The assessee, being aggrieved against the order of Assessing Officer filed an appeal before the Commissioner of Income Tax (Appeals) who allowed the appeal partly.  The Commissioner of Income Tax (Appeals) considered the assessment order and the submissions of the appellant’s analysis of the differences between the original and re-casted accounts.  The difference came @ Rs.1,95,87,531/- whereas the Assessing Officer made additions to the tune of Rs.3,84,50,457/- which cannot be sustained according to the Commissioner of Income Tax (Appeals).  The Commissioner of Income Tax (Appeals) restricted the addition @ Rs.1,95,87,531/- .  The Commissioner of Income Tax (Appeals) did not find any fault on the holding of the Assessing Officer’s proposal for the withdrawal of exemption to the assessee. 

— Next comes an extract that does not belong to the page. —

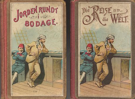 ”Die Reise um die Welt”/”Die Reise um die Erde in 80 Tagen”. ”Nach Julius Verne bearbeitet von W. Christian. Mit vielen Farbendruckbildern”. U. år. 72 s. Illustration på forperm + 4 indklæbede illustrationer. Bogblokkens format: 17,8x12,2 cm. På sidste side nederst: ”Druck und Verlag von G. Löwensohn, Fürth (Baiern).” Bind: Karton med rød shirtingsryg. N. Hansen & Co. ”Jorden rundt i 80 Dage”. ”Efter Julius Verne bearbejdet for Ungdommen af W. Christian. Med mange Farvetryksbilleder. Kjøbenhavn. N. Hansen & Co.s Forlag.” U. år. 76 s. Illustration på forperm + 3 indklæbede illustrationer. Bogblokkens format: 17,9x11,4 cm. Bind: Karton med rød shirtingsryg. De 4 indklæbede illustrationer i den tyske genfindes i forskellige eksemplarer af den danske – hvori der dog ikke er mere end 3 ad gangen.

Against the order of Commissioner of Income Tax (Appeals) the appellant filed the present appeal before the Income Tax Appellate Tribunal (‘ITAT’ for short).  The appellant submitted the following before the ITAT-

  • The notice issued under section 143 (2), dated 01.05.2012 is bad in law and consequential assessment framed in response to the said notice is un-sustainable and assessment framed under section  148 read with section143(3) after treating the return filed on dated 12.10.2012 is as non-est, is unwarranted and liable to be set aside.
  • The notice under section 143(2) of the Act is not only mandatory but in the absence of such notice, the Assessing Officer cannot proceed to make enquiry.
  • The Assessing Officer has erred in holding that the return filed on dated 12.10.2012 in response to the notice under section 148 after specified time limit of 30 days is non-est.
  • The reasons recorded and the reopening under section 148 is bad in law since no proper approval as required under section 151 has been obtained.

The Revenue supported the impugned order passed by the Commissioner of Income Tax (Appeals) and submitted that the same is not suffered from any perversity, impropriety and illegality and therefore does not require any interference.  After issuing notice under section 148 of the Act to the Assessee, admittedly two notices under section 143(2) have been issued on dated 01.05.2012 and 09.08.2012 to the Assessee, hence the assessment framed and its sustenance do not require any interference.

In the present appeal the ITAT is to decide the questions as to whether-

  • issuance of notice under section 143(2) of the Act is mandatory after filing of return of income in response to the notice issued under section 148 of the Act;
  • if the answer is ‘yes’ then what would be the fate of the assessment order framed without issuing notice under section 143(2) of the Act.

The ITAT relied on the following judgments for the purposes of this case-

The ITAT, in view of the above judgments, held that it is clear that for processing the revised return filed in response to the notice under section 148 of the Act, issuance of notice under section 143(2) of the Act is necessary and mandatory.  Non-issuance of the notice under section 143(2) is not a procedural irregularity and therefore the same cannot be cured under section 292 BB of the Act. Consequently the assessment framed against the Assessee without issuing notice under section 143(2) of the Act is unsustainable and liable to be quashed being void-abinitio.